The arrest of pollen tube growth could be linked to increased TGase activity, which promoted the formation of cross-link aggregates, as clearly shown by results obtained with the anti-isopeptide antibody 81D4. These aggregates were lower in compatible pollinated- and in unpollinated pistils, suggesting the involvement of TGase in processes like cell wall stiffening and cytoskeleton modifications that contribute to block pollen tube growth (Del Duca et al., 2010; Mandrone et al., 2019). At 15°C, the self-pollinated pistils did not show any enhancement of TGase product formation, suggesting that genotype is not sufficient to determine a TGase-based response, while a genotype × temperature interaction is necessary for the involvement of this enzyme. Since TGase is a Ca2+-dependent enzyme, its activity might be controlled downstream by the modulation of free Ca2+, which increases up to mM concentrations under stress conditions, including the SI response (Griffin et al., 2002; Ranty et al., 2016). As TGase activity takes place from 20 nM Ca2+ upwards, massive protein cross-linking, and consequent formation of protein aggregates, as quantified in the present work, can easily occur in cross-pollinated samples.
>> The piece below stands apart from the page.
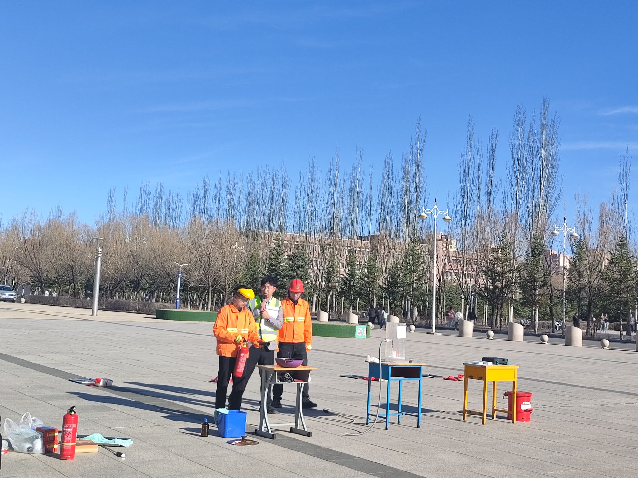 实验室化学品火灾应急演练在逸夫楼前广场举行。演练模拟实验过程中酒精灯倾倒、粉尘爆炸和锂电池穿刺等引发火情的场景,师生分组参与灭火毯熄灭流淌火演练。现场通过“理论讲解+情景还原”模式,强化了师生对“黄金救援时间”的把握能力。演练结束后,安全专家对操作细节进行点评,指出“应急响应速度与科学处理是降低事故损失的关键”。

Increasing free cytosolic Ca2+ concentration also alters the cytoskeleton structure during SI, as reported in Papaver rhoeas and Pyrus bretschneideri. Free cytosolic Ca2+ increase triggers F-actin depolymerization, ROS increases, and the stimulation of caspase-like activities, leading pollen to programmed cell death (PCD) (Wilkins et al., 2014; Chai et al., 2017). Moreover, in Pyrus self-incompatible pollen, S-RNase interacts directly with F-actin, enhancing the PCD signaling (Wilkins et al., 2014; Chai et al., 2017). In the same plant model, S-RNase also alters lipid signaling, i.e. phosphatidic acid, which initially counteracts the effects of S-RNase (Chen et al., 2018). Recently, PAs were also demonstrated to trigger a rapid increase in phosphatidic acid in Arabidopsis thaliana due to a transient efflux of K+ and the activation of a specific phospholipase D variant (Zarza et al., 2019), that dramatically elevates phosphatidic acid levels within minutes of SI elicitation. However, the precise mechanism of action of phosphatidic acid during SI remains an issue yet to be clarified (Chen et al., 2018).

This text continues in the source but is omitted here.